This is curious, and I'm not sure what could be causing your default DNS to fail initially (triggering the fallback to OpenDNS).
jbo5112 wrote:I don't know their business model
OpenDNS has several commercial services targeted at businesses. Their free services are supported by ads you get to see when you go to non-existent domain. There are various ways to disable that redirection if you so desire.

I understand some of your concerns, though have hopefully laid to rest some above. You are not the first to voice your concern/distrust of OpenDNS. Should Linux Mint instead use Google's DNS as a fallback DNS, there would be other users (if not some of the same) that would voice their concern/distrust of that. There's no pleasing everybody...

The intent of the Linux Mint developers is for those users for which their default DNS isn't working properly on Linux Mint, to not be without a DNS and so to be able to continue to use Internet (and perhaps do a search and figure out how to fix that issue). A common cause is running Linux Mint on a virtual machine with a misconfigured virtual network.
Image
TheForumTroll

Re: Disable OpenDNS

Post by TheForumTroll »

Is OpenDNS really added by default as fall-back?

I'm sure some users would also hate to have Google's servers as a fall-back, but still, there isn't a lot of big DNS providers Mint could have chosen that are worse than OpenDNS. Google would be a lot better as they at least do not hijack anything. That or none at all. I don't really care for my own usage as I have my own DNS server, but it does smell a bit of Ubuntu to add it as default fall-back me thinks.
User avatar
xenopeek
Level 25
Level 25
Posts: 29459
Joined: Wed Jul 06, 2011 3:58 am

Re: Disable OpenDNS

Post by xenopeek »

TheForumTroll wrote:there isn't a lot of big DNS providers Mint could have chosen that are worse than OpenDNS.
That is a matter of personal opinion. OpenDNS is a reputable DNS provider, regardless of whether you ascribe to their business model. They are innovators and pioneers, for example with the DNSCrypt stack that makes it very hard for MITM attacks to take place even on public networks. With using Google DNS there would be immediate privacy concerns for many users, whether those are warranted or not. Would it be better to let users be stuck without a DNS? I personally don't think so. Perhaps it would be nice if users were notified about their DNS isn't working and a fallback being activated.
TheForumTroll wrote:but it does smell a bit of Ubuntu to add it as default fall-back me thinks.
Ubuntu has a different mission than Linux Mint, but it is respected as a solid package base on which Linux Mint has been built for years.
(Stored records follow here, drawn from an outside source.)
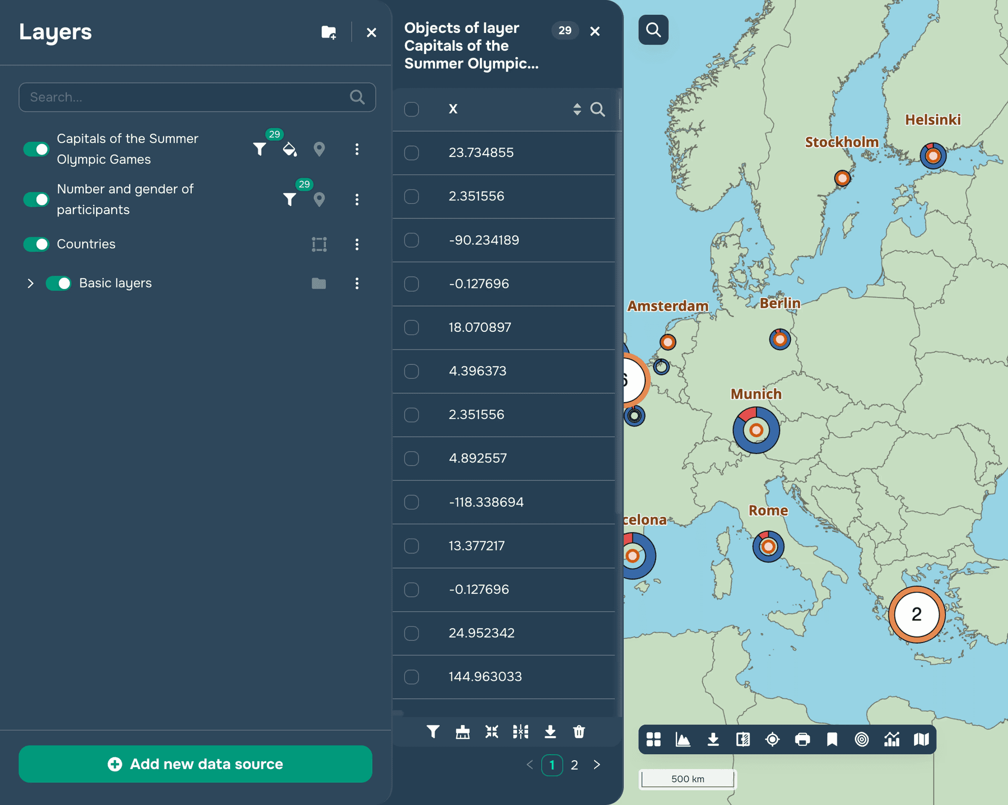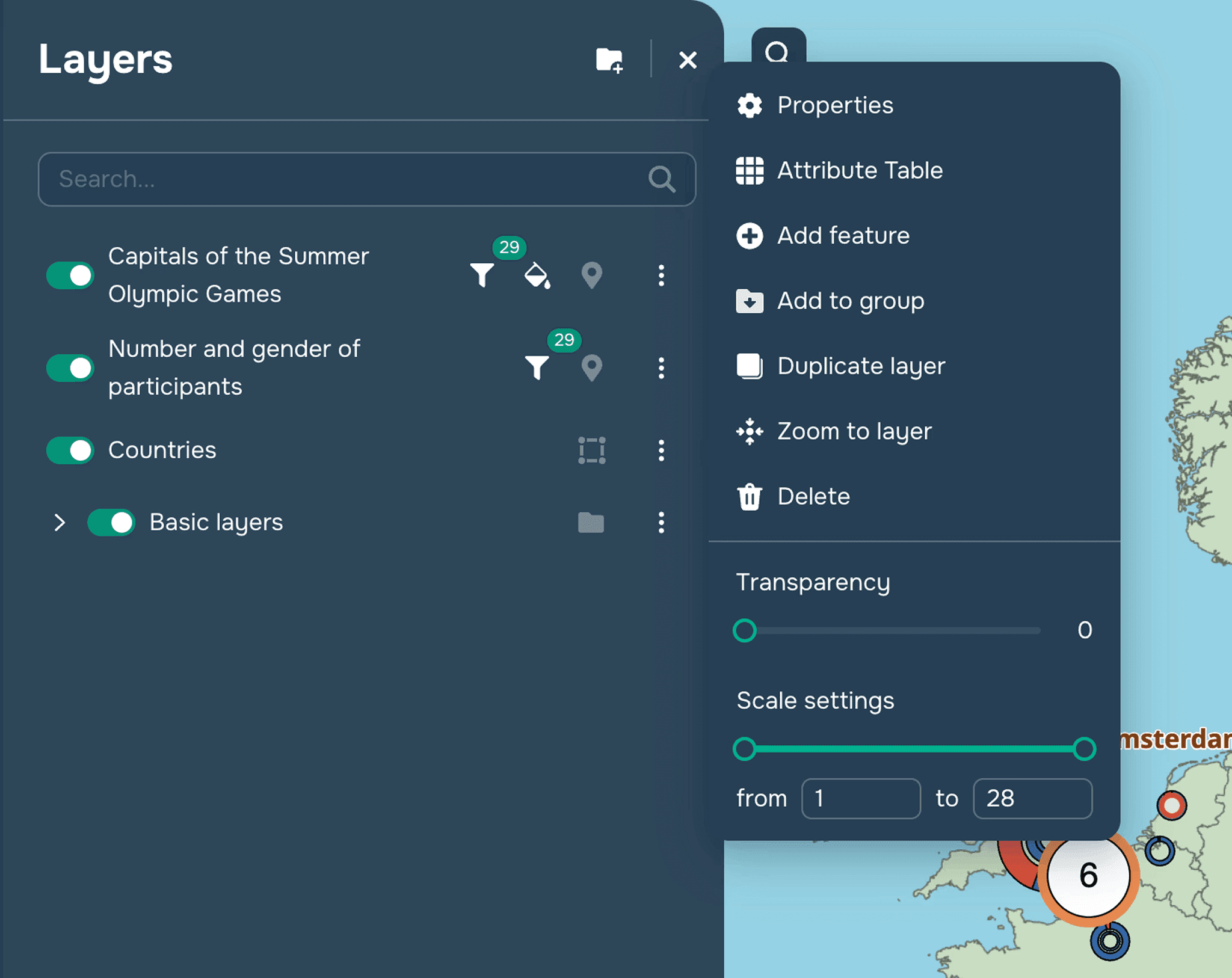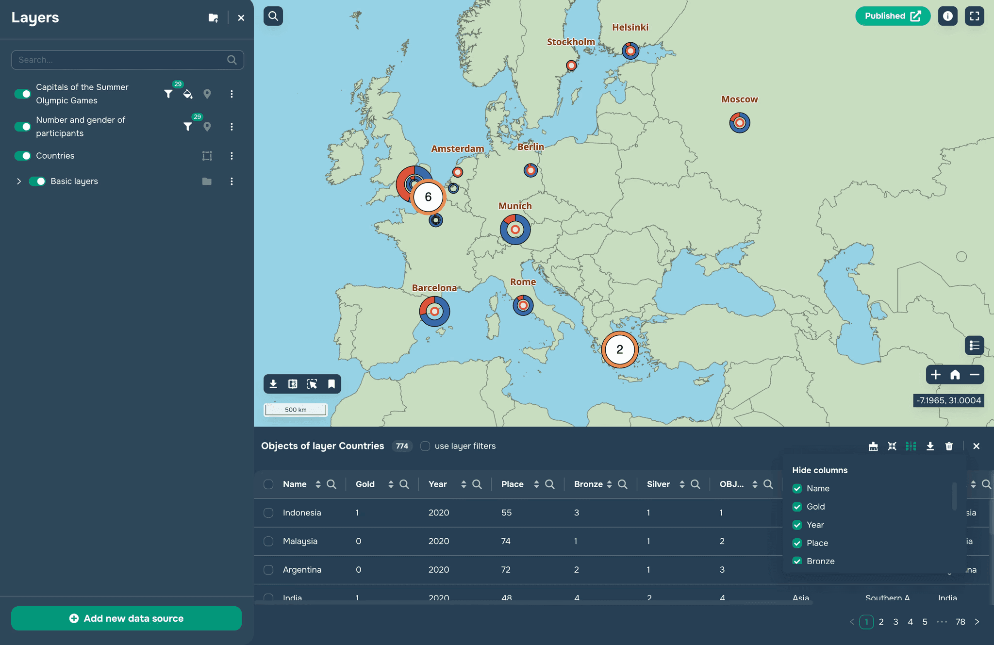 To view the attributes table, select the layer of interest and click the three dots next to it's name. Next, select the "Attribute table" section, then the attribute table of the selected layer will open in the lower part of the map (see Figure 2). The user can also customise the display of the columns in the attribute table by clicking the corresponding button in the upper right corner of the widget (see Figure 2).
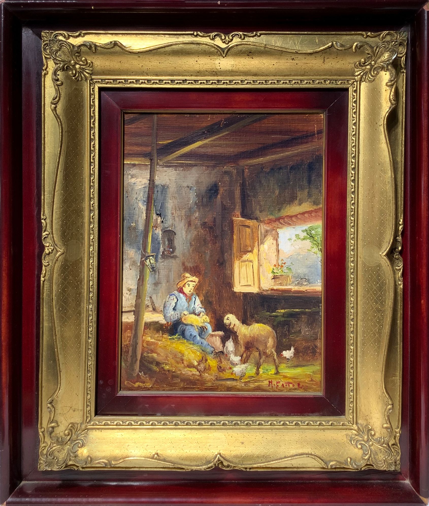 Olio su cartone telato raffigurante ragazzo in una stalla, Mario Fattori (1930). Cm 25x35
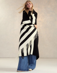 Wool Cashmere Blanket Wrap FINAL SALE - Non-returnable - Premium soft wool and cashmere blend - Bold black and white striped pattern - Oversized design for versatile wear: drape as a wrap, scarf, or blanket - Soft fringe detailing - Fabric content: 70% wool, 30% cashmere - Care instructions: Dry clean only Fit: One size fits all Dimensions: 50" x 72"
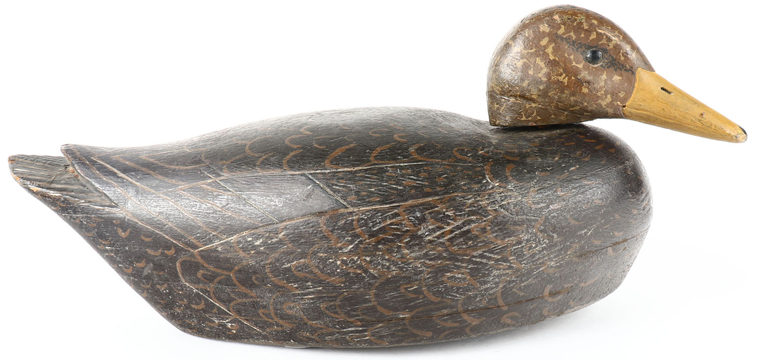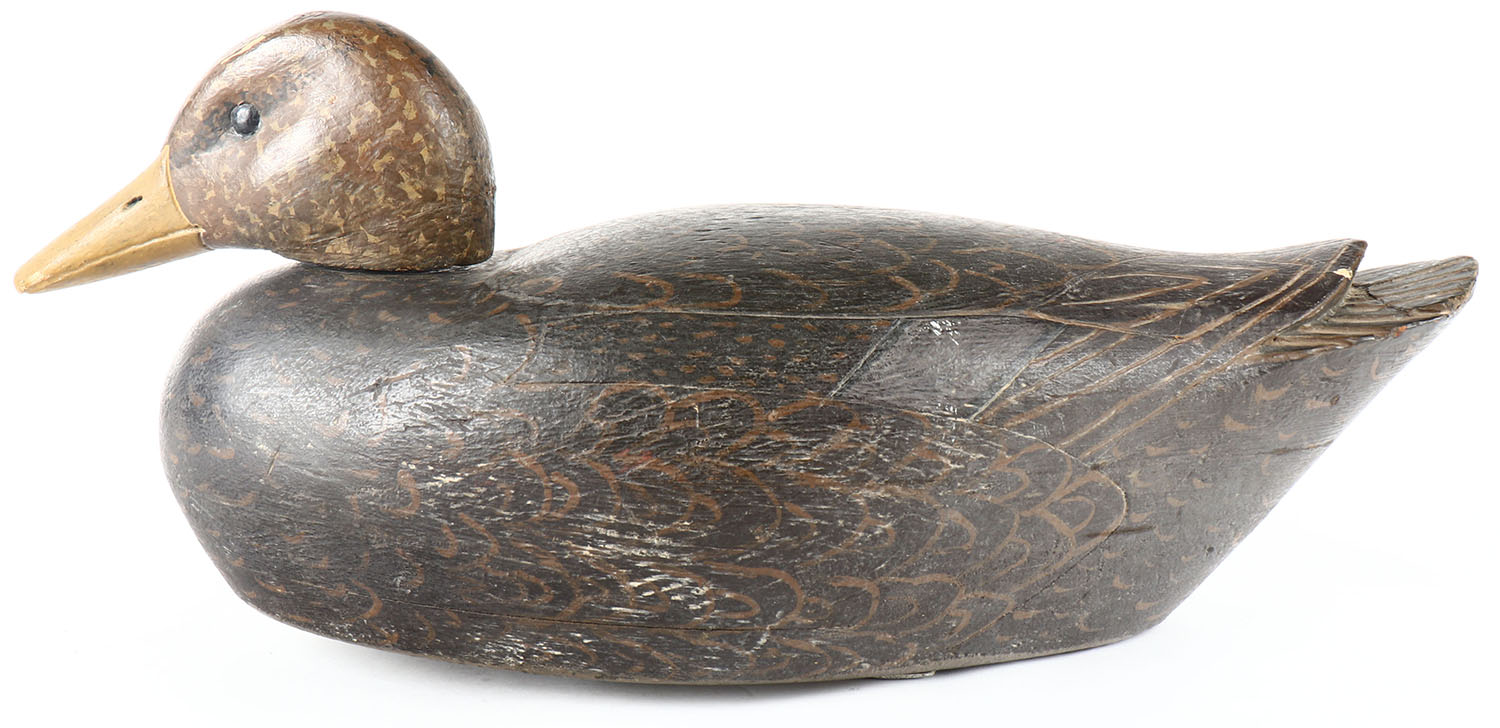 Black Duck by unknown factory maker, CE, solid wood, original paint, structurally excellent, 16 1/2'' OAL. Grade: Excellent - Value: 40 to 80

Let's not take cheap shots at it. Canonical is developing its way to support the distro financially, as Linux Mint has its own way (donors and sponsors, but also ads and search engine revenue).

Linux Mint does not share in the revenue that OpenDNS generates through their business model. OpenDNS is used solely as a reputable and stable fallback DNS, and nothing more.
Image
TheForumTroll

Re: Disable OpenDNS

Post by TheForumTroll »

OpenDNS is a DNS provider and yet they break the RFC by not returning NXDOMAIN for invalid URLs. I can see you don't mind, but even ICANN disagree with you saying they "strongly discourages the use of DNS redirection" and it is also against EU data protection rules. Reputable is not what I would call them at all. They are in a grey area - but a lot closer to black than white.
User avatar
xenopeek
Level 25
Level 25
Posts: 29459
Joined: Wed Jul 06, 2011 3:58 am

Re: Disable OpenDNS

Post by xenopeek »

We can disagree all we want but that doesn't change the fact that the Linux Mint developers are as always open to suggestions :wink: If you have a better alternative, your are very much welcome to suggest it. Using Google DNS would not do the redirection of invalid domains AFAIK, but it would raise privacy concerns from some users. So it's not a better alternative in that there would be less concerns.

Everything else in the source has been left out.